What the task requires: Repeat, exactly as written, all of the entries, but not their pictures.

(Extracted data entries)
■ ■ ■ ■ ■
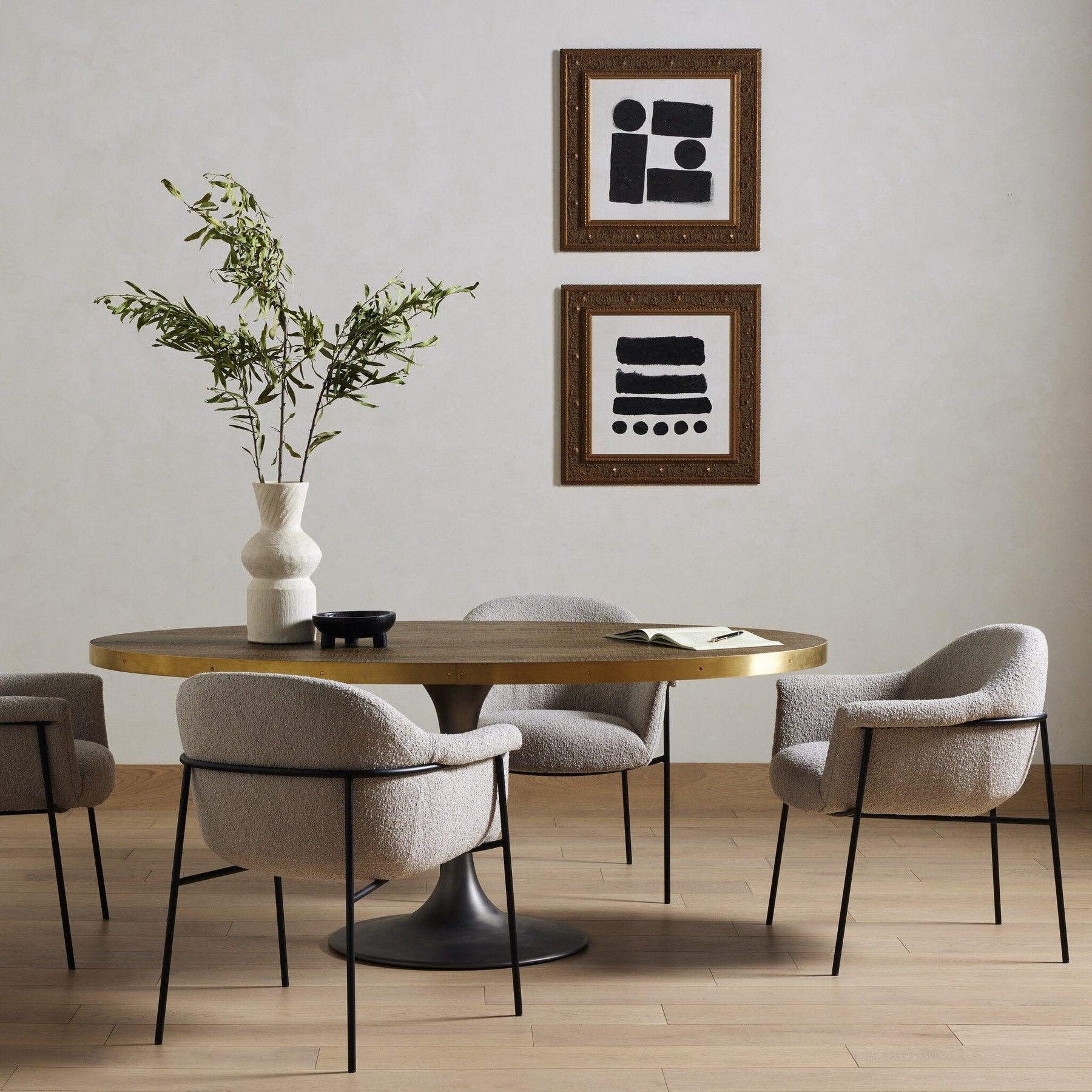 Mixed materials make the table. Classic tulip shaping is recast with a vessel grey iron base and a light burnt oak oval top banded in polished brass steel with exposed nailheads. Seats six comfortably.
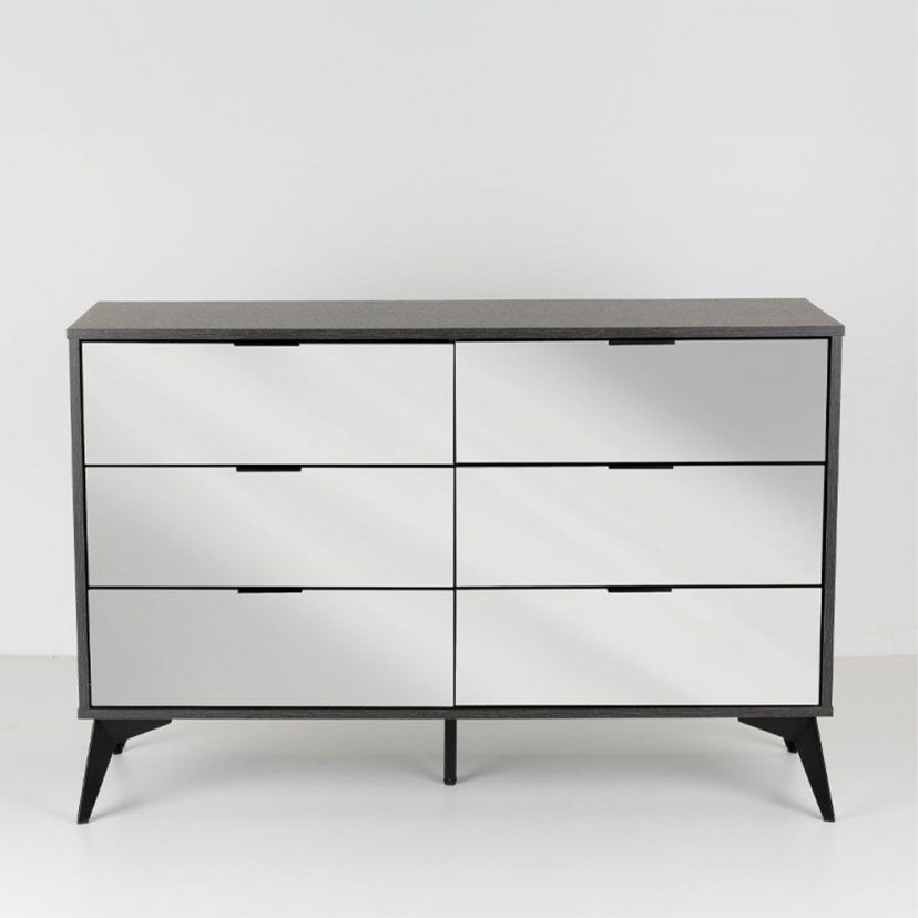 Η Συρταριέρα Specchio 09-2128 αποτελεί μια πολυτελή και εντυπωσιακή επιλογή για κάθε υπνοδωμάτιο ή dressing room. Η όψη καθρέπτη προσδίδει κομψότητα και μοντέρνα λάμψη, ενώ παράλληλα δημιουργεί οπτική αίσθηση μεγαλύτερου και φωτεινότερου χώρου. Τα έξι ευρύχωρα συρτάρια εξασφαλίζουν άνετη αποθήκευση για ρούχα, αξεσουάρ και προσωπικά αντικείμενα, διατηρώντας τον χώρο οργανωμένο και τακτοποιημένο. Η Specchio 09-2128 συνδυάζει λειτουργικότητα και εντυπωσιακό design, αποτελώντας ένα έπιπλο που προσθέτει στυλ, πολυτέλεια και πρακτικότητα στον χώρο. Το προϊόν παραδίδεται αμοντάριστο.
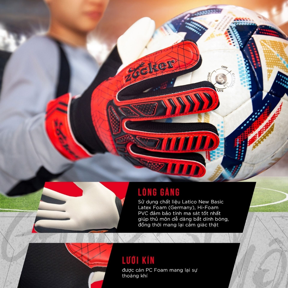 Găng tay thủ môn Zocker Dino là mẫu găng cơ bản, hàng chính hãng, phù hợp với luyện tập và thi đấu bóng đá trên các sân cỏ nhân tạo, bán chuyên nghiệp.
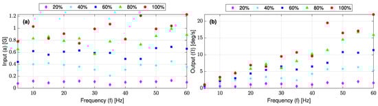 Figure 18 shows the experimental calibration curve of the L-35 jerk sensor for the input jerk at a frequency range of 0.1~40 (Hz) and an acceleration range of 0.1~1.2 (G). The linear fitting model is based on the average sensitivity for the input jerk and has a coefficient of determination () value of 0.97 with a high correlation coefficient () value of 0.98.
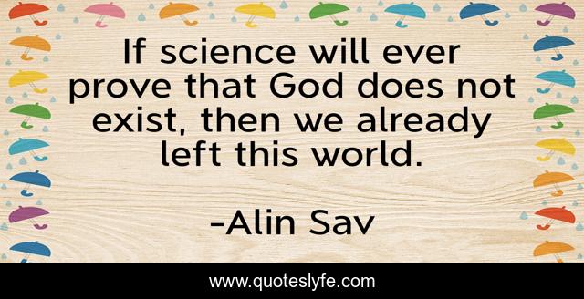 This page presents the quote "If science will ever prove that God does not exist, then we already left this world.". Author of this quote is Alin Sav. This quote is about spiritual, religion-and-philosophy,.
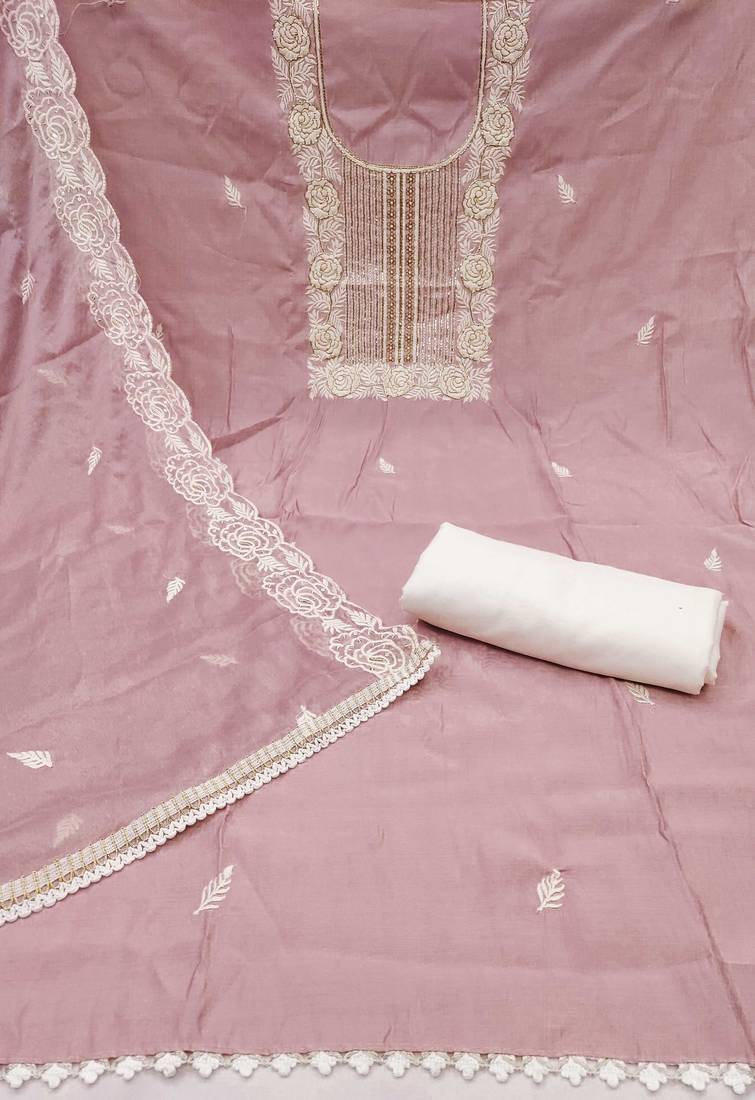 | Product Name | Baby Pink Embroidered Cotton Semi Stitched Churidar Dress Materials | |
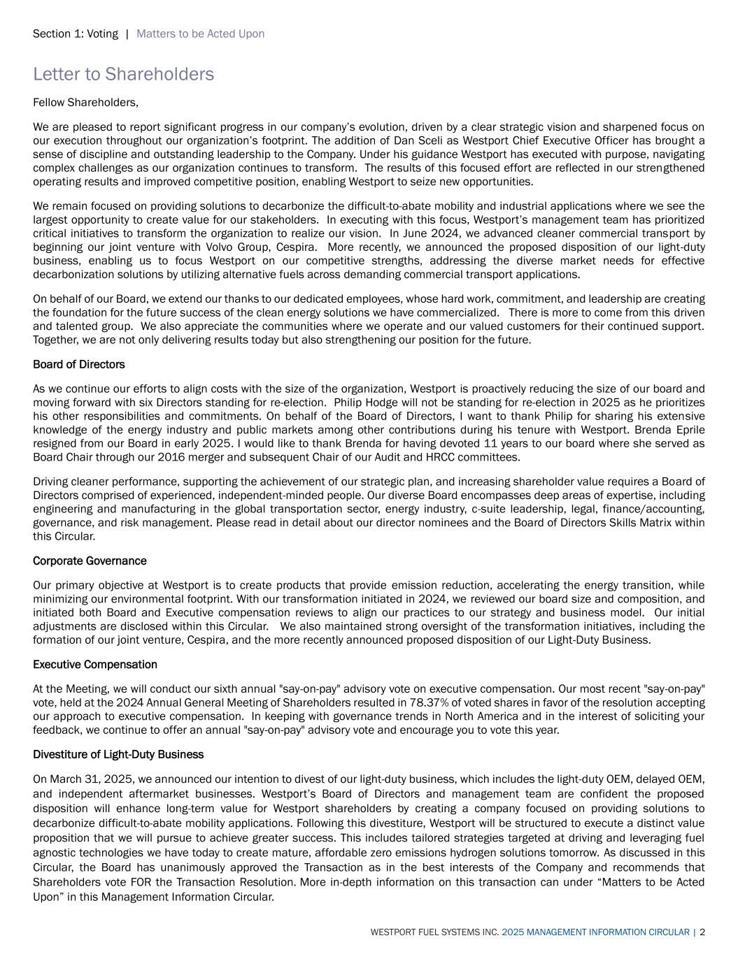 Section 1: Voting | Matters to be Acted Upon WESTPORT FUEL SYSTEMS INC. 2025 MANAGEMENT INFORMATION CIRCULAR | 2 Letter to Shareholders Fellow Shareholders, We are pleased to report significant progress in our company’s evolution, driven by a clear strategic vision and sharpened focus on our execution throughout our organization’s footprint. The addition of Dan Sceli as Westport Chief Executive Officer has brought a sense of discipline and outstanding leadership to the Company. Under his guidance Westport has executed with purpose, navigating complex challenges as our organization continues to transform. The results of this focused effort are reflected in our strengthened operating results and improved competitive position, enabling Westport to seize new opportunities. We remain focused on providing solutions to decarbonize the difficult-to-abate mobility and industrial applications where we see the largest opportunity to create value for our stakeholders. In executing with this focus, Westport’s management team has prioritized critical initiatives to transform the organization to realize our vision. In June 2024, we advanced cleaner commercial transport by beginning our joint venture with Volvo Group, Cespira. More recently, we announced the proposed disposition of our light-duty business, enabling us to focus Westport on our competitive strengths, addressing the diverse market needs for effective decarbonization solutions by utilizing alternative fuels across demanding commercial transport applications. On behalf of our Board, we extend our thanks to our dedicated employees, whose hard work, commitment, and leadership are creating the foundation for the future success of the clean energy solutions we have commercialized. There is more to come from this driven and talented group. We also appreciate the communities where we operate and our valued customers for their continued support. Together, we are not only delivering results today but also strengthening our position for the future. Board of Directors As we continue our efforts to align costs with the size of the organization, Westport is proactively reducing the size of our board and moving forward with six Directors standing for re-election. Philip Hodge will not be standing for re-election in 2025 as he prioritizes his other responsibilities and commitments. On behalf of the Board of Directors, I want to thank Philip for sharing his extensive knowledge of the energy industry and public markets among other contributions during his tenure with Westport. Brenda Eprile resigned from our Board in early 2025. I would like to thank Brenda for having devoted 11 years to our board where she served as Board Chair through our 2016 merger and subsequent Chair of our Audit and HRCC committees. Driving cleaner performance, supporting the achievement of our strategic plan, and increasing shareholder value requires a Board of Directors comprised of experienced, independent-minded people. Our diverse Board encompasses deep areas of expertise, including engineering and manufacturing in the global transportation sector, energy industry, c-suite leadership, legal, finance/accounting, governance, and risk management. Please read in detail about our director nominees and the Board of Directors Skills Matrix within this Circular. Corporate Governance Our primary objective at Westport is to create products that provide emission reduction, accelerating the energy transition, while minimizing our environmental footprint. With our transformation initiated in 2024, we reviewed our board size and composition, and initiated both Board and Executive compensation reviews to align our practices to our strategy and business model. Our initial adjustments are disclosed within this Circular. We also maintained strong oversight of the transformation initiatives, including the formation of our joint venture, Cespira, and the more recently announced proposed disposition of our Light-Duty Business. Executive Compensation At the Meeting, we will conduct our sixth annual "say-on-pay" advisory vote on executive compensation. Our most recent "say-on-pay" vote, held at the 2024 Annual General Meeting of Shareholders resulted in 78.37% of voted shares in favor of the resolution accepting our approach to executive compensation. In keeping with governance trends in North America and in the interest of soliciting your feedback, we continue to offer an annual "say-on-pay" advisory vote and encourage you to vote this year. Divestiture of Light-Duty Business On March 31, 2025, we announced our intention to divest of our light-duty business, which includes the light-duty OEM, delayed OEM, and independent aftermarket businesses. Westport’s Board of Directors and management team are confident the proposed disposition will enhance long-term value for Westport shareholders by creating a company focused on providing solutions to decarbonize difficult-to-abate mobility applications. Following this divestiture, Westport will be structured to execute a distinct value proposition that we will pursue to achieve greater success. This includes tailored strategies targeted at driving and leveraging fuel agnostic technologies we have today to create mature, affordable zero emissions hydrogen solutions tomorrow. As discussed in this Circular, the Board has unanimously approved the Transaction as in the best interests of the Company and recommends that Shareholders vote FOR the Transaction Resolution. More in-depth information on this transaction can under “Matters to be Acted Upon” in this Management Information Circular.
■ ■ ■ ■ ■
Output:
 Mixed materials make the table. Classic tulip shaping is recast with a vessel grey iron base and a light burnt oak oval top banded in polished brass steel with exposed nailheads. Seats six comfortably.
 Η Συρταριέρα Specchio 09-2128 αποτελεί μια πολυτελή και εντυπωσιακή επιλογή για κάθε υπνοδωμάτιο ή dressing room. Η όψη καθρέπτη προσδίδει κομψότητα και μοντέρνα λάμψη, ενώ παράλληλα δημιουργεί οπτική αίσθηση μεγαλύτερου και φωτεινότερου χώρου. Τα έξι ευρύχωρα συρτάρια εξασφαλίζουν άνετη αποθήκευση για ρούχα, αξεσουάρ και προσωπικά αντικείμενα, διατηρώντας τον χώρο οργανωμένο και τακτοποιημένο. Η Specchio 09-2128 συνδυάζει λειτουργικότητα και εντυπωσιακό design, αποτελώντας ένα έπιπλο που προσθέτει στυλ, πολυτέλεια και πρακτικότητα στον χώρο. Το προϊόν παραδίδεται αμοντάριστο.
 Găng tay thủ môn Zocker Dino là mẫu găng cơ bản, hàng chính hãng, phù hợp với luyện tập và thi đấu bóng đá trên các sân cỏ nhân tạo, bán chuyên nghiệp.
 Figure 18 shows the experimental calibration curve of the L-35 jerk sensor for the input jerk at a frequency range of 0.1~40 (Hz) and an acceleration range of 0.1~1.2 (G). The linear fitting model is based on the average sensitivity for the input jerk and has a coefficient of determination () value of 0.97 with a high correlation coefficient () value of 0.98.
 This page presents the quote "If science will ever prove that God does not exist, then we already left this world.". Author of this quote is Alin Sav. This quote is about spiritual, religion-and-philosophy,.
 | Product Name | Baby Pink Embroidered Cotton Semi Stitched Churidar Dress Materials | |
 Section 1: Voting | Matters to be Acted Upon WESTPORT FUEL SYSTEMS INC. 2025 MANAGEMENT INFORMATION CIRCULAR | 2 Letter to Shareholders Fellow Shareholders, We are pleased to report significant progress in our company’s evolution, driven by a clear strategic vision and sharpened focus on our execution throughout our organization’s footprint. The addition of Dan Sceli as Westport Chief Executive Officer has brought a sense of discipline and outstanding leadership to the Company. Under his guidance Westport has executed with purpose, navigating complex challenges as our organization continues to transform. The results of this focused effort are reflected in our strengthened operating results and improved competitive position, enabling Westport to seize new opportunities. We remain focused on providing solutions to decarbonize the difficult-to-abate mobility and industrial applications where we see the largest opportunity to create value for our stakeholders. In executing with this focus, Westport’s management team has prioritized critical initiatives to transform the organization to realize our vision. In June 2024, we advanced cleaner commercial transport by beginning our joint venture with Volvo Group, Cespira. More recently, we announced the proposed disposition of our light-duty business, enabling us to focus Westport on our competitive strengths, addressing the diverse market needs for effective decarbonization solutions by utilizing alternative fuels across demanding commercial transport applications. On behalf of our Board, we extend our thanks to our dedicated employees, whose hard work, commitment, and leadership are creating the foundation for the future success of the clean energy solutions we have commercialized. There is more to come from this driven and talented group. We also appreciate the communities where we operate and our valued customers for their continued support. Together, we are not only delivering results today but also strengthening our position for the future. Board of Directors As we continue our efforts to align costs with the size of the organization, Westport is proactively reducing the size of our board and moving forward with six Directors standing for re-election. Philip Hodge will not be standing for re-election in 2025 as he prioritizes his other responsibilities and commitments. On behalf of the Board of Directors, I want to thank Philip for sharing his extensive knowledge of the energy industry and public markets among other contributions during his tenure with Westport. Brenda Eprile resigned from our Board in early 2025. I would like to thank Brenda for having devoted 11 years to our board where she served as Board Chair through our 2016 merger and subsequent Chair of our Audit and HRCC committees. Driving cleaner performance, supporting the achievement of our strategic plan, and increasing shareholder value requires a Board of Directors comprised of experienced, independent-minded people. Our diverse Board encompasses deep areas of expertise, including engineering and manufacturing in the global transportation sector, energy industry, c-suite leadership, legal, finance/accounting, governance, and risk management. Please read in detail about our director nominees and the Board of Directors Skills Matrix within this Circular. Corporate Governance Our primary objective at Westport is to create products that provide emission reduction, accelerating the energy transition, while minimizing our environmental footprint. With our transformation initiated in 2024, we reviewed our board size and composition, and initiated both Board and Executive compensation reviews to align our practices to our strategy and business model. Our initial adjustments are disclosed within this Circular. We also maintained strong oversight of the transformation initiatives, including the formation of our joint venture, Cespira, and the more recently announced proposed disposition of our Light-Duty Business. Executive Compensation At the Meeting, we will conduct our sixth annual "say-on-pay" advisory vote on executive compensation. Our most recent "say-on-pay" vote, held at the 2024 Annual General Meeting of Shareholders resulted in 78.37% of voted shares in favor of the resolution accepting our approach to executive compensation. In keeping with governance trends in North America and in the interest of soliciting your feedback, we continue to offer an annual "say-on-pay" advisory vote and encourage you to vote this year. Divestiture of Light-Duty Business On March 31, 2025, we announced our intention to divest of our light-duty business, which includes the light-duty OEM, delayed OEM, and independent aftermarket businesses. Westport’s Board of Directors and management team are confident the proposed disposition will enhance long-term value for Westport shareholders by creating a company focused on providing solutions to decarbonize difficult-to-abate mobility applications. Following this divestiture, Westport will be structured to execute a distinct value proposition that we will pursue to achieve greater success. This includes tailored strategies targeted at driving and leveraging fuel agnostic technologies we have today to create mature, affordable zero emissions hydrogen solutions tomorrow. As discussed in this Circular, the Board has unanimously approved the Transaction as in the best interests of the Company and recommends that Shareholders vote FOR the Transaction Resolution. More in-depth information on this transaction can under “Matters to be Acted Upon” in this Management Information Circular.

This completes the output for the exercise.